Source material>
--- START ---

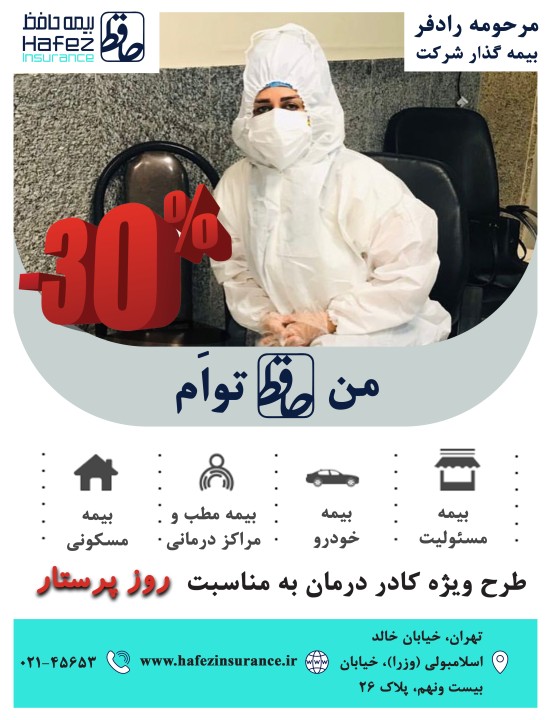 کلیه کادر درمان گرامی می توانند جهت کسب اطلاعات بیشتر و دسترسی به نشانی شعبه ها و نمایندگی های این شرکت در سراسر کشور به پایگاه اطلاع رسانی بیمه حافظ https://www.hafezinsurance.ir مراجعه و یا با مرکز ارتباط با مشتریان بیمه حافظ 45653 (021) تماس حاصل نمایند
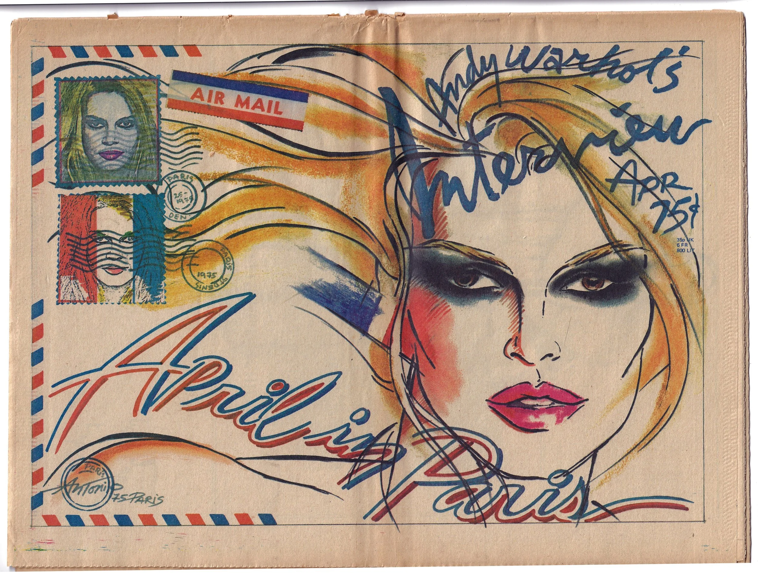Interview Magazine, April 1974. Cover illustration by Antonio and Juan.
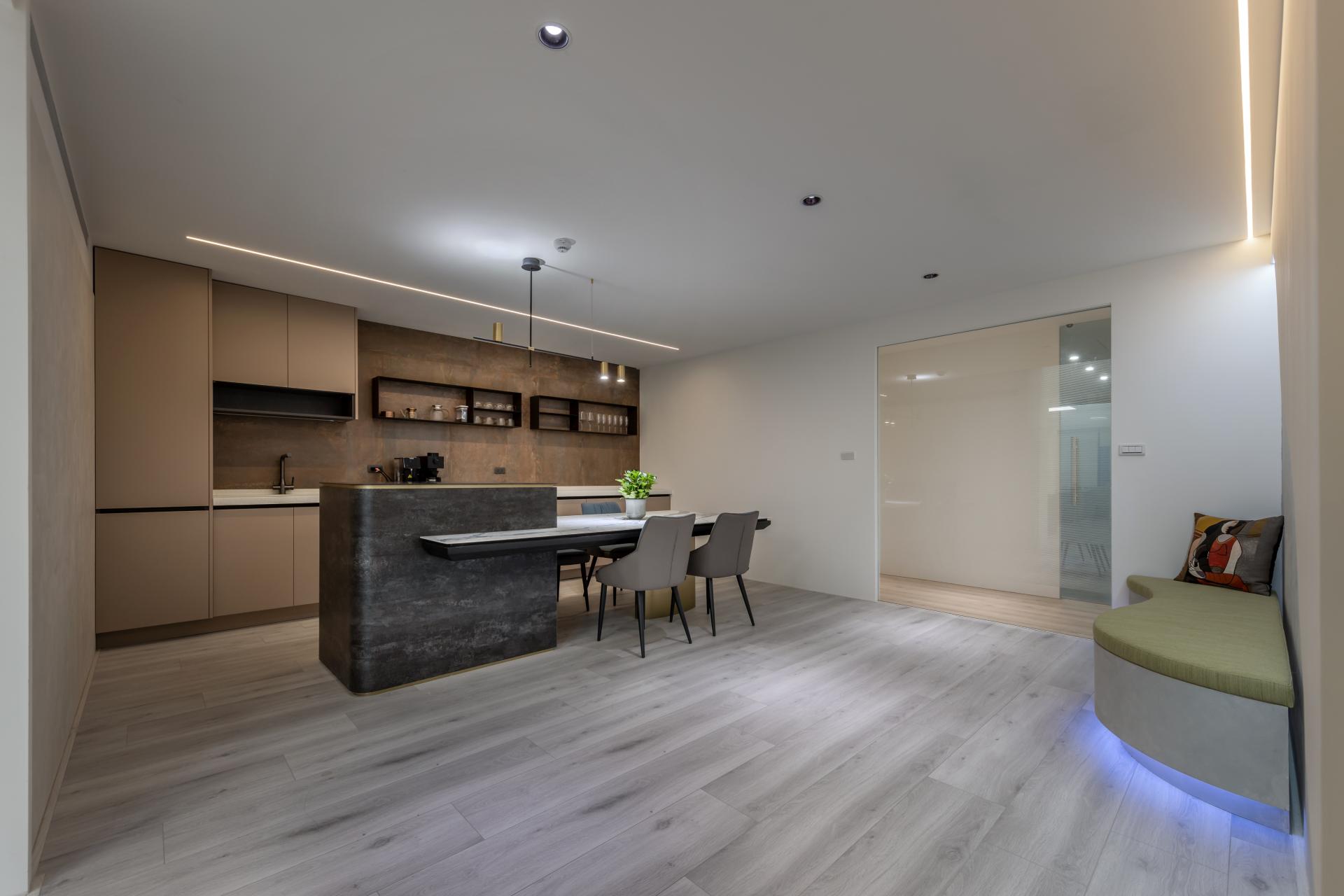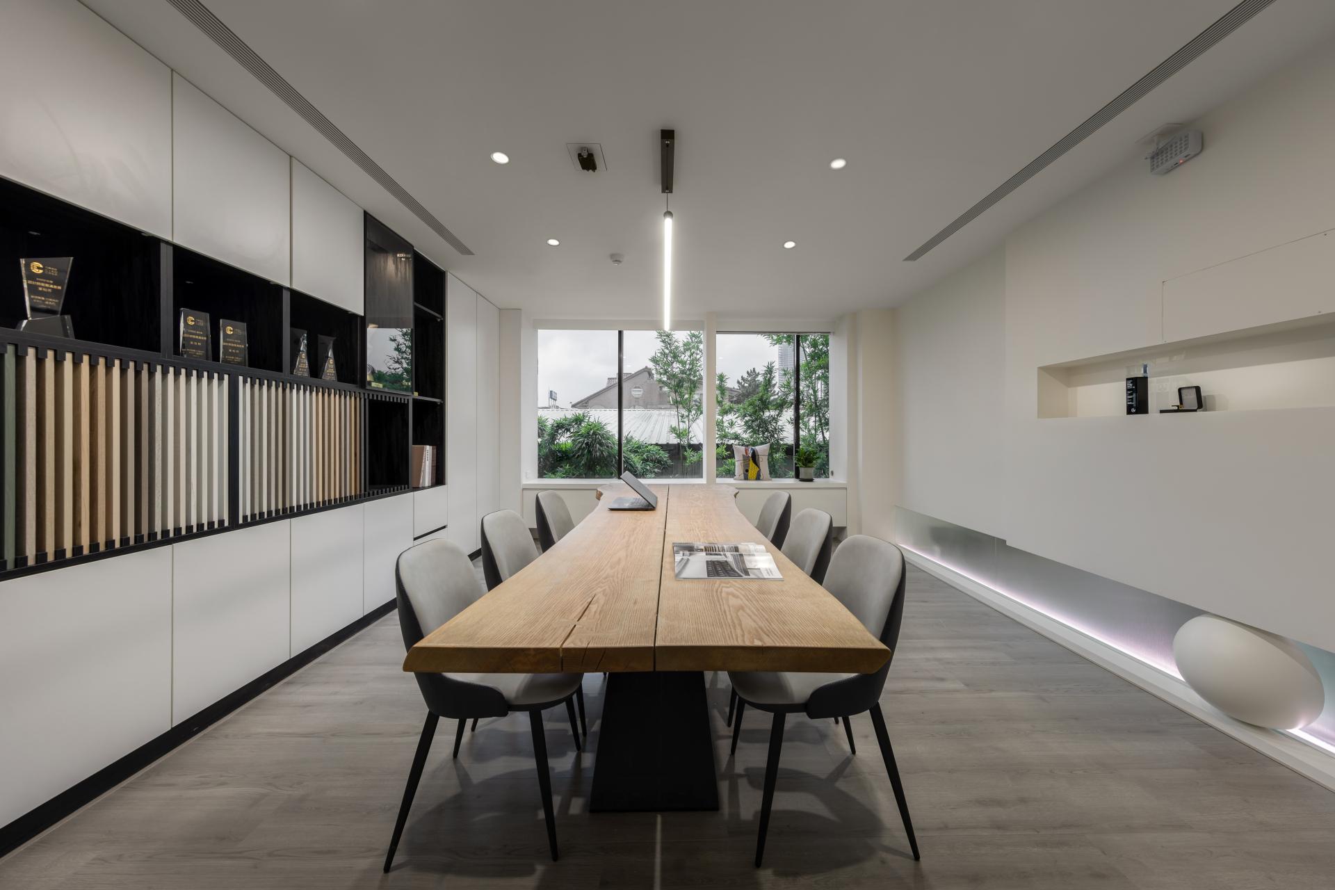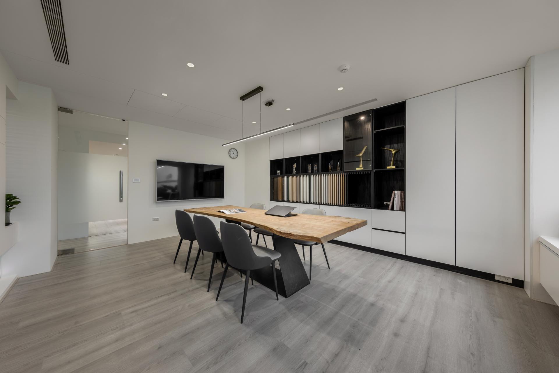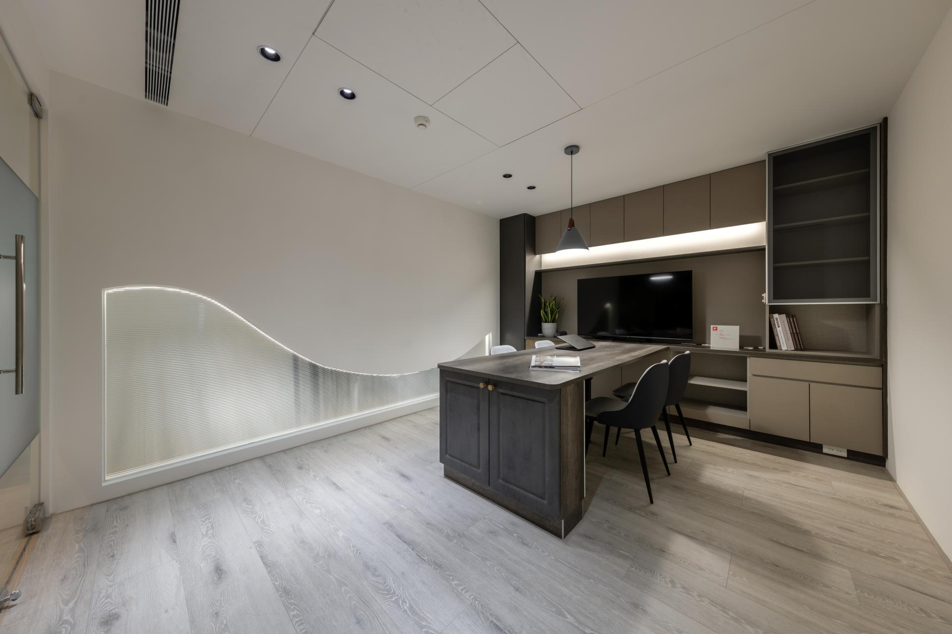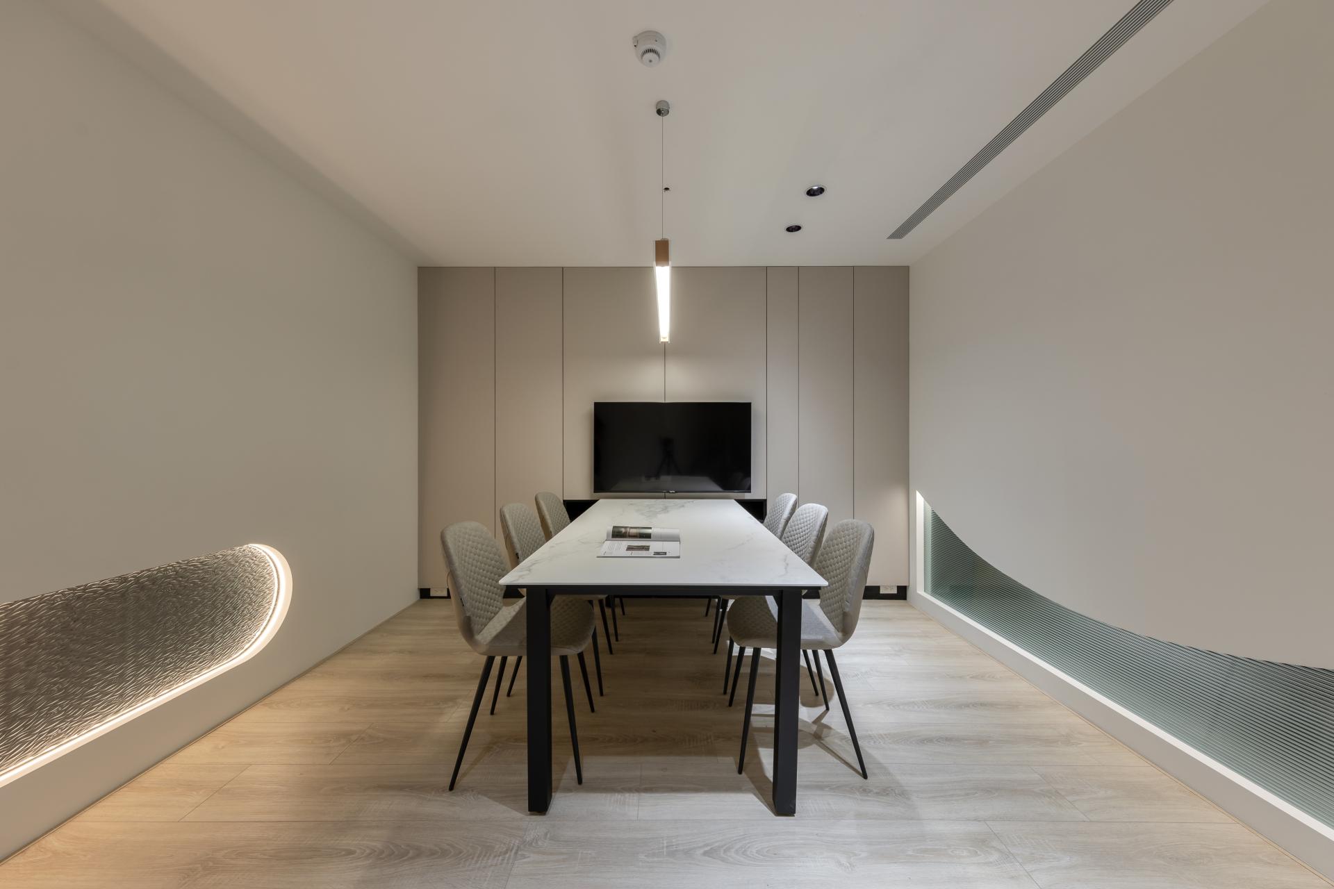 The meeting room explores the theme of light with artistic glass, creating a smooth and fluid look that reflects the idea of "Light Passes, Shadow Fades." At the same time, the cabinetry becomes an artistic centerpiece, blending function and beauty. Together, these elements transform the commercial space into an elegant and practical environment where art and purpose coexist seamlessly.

--- END ---

Required action> Could you give the listing again exactly as it stands, minus any pictures?

Solution to the exercise>
 کلیه کادر درمان گرامی می توانند جهت کسب اطلاعات بیشتر و دسترسی به نشانی شعبه ها و نمایندگی های این شرکت در سراسر کشور به پایگاه اطلاع رسانی بیمه حافظ https://www.hafezinsurance.ir مراجعه و یا با مرکز ارتباط با مشتریان بیمه حافظ 45653 (021) تماس حاصل نمایند
Interview Magazine, April 1974. Cover illustration by Antonio and Juan.
 The meeting room explores the theme of light with artistic glass, creating a smooth and fluid look that reflects the idea of "Light Passes, Shadow Fades." At the same time, the cabinetry becomes an artistic centerpiece, blending function and beauty. Together, these elements transform the commercial space into an elegant and practical environment where art and purpose coexist seamlessly.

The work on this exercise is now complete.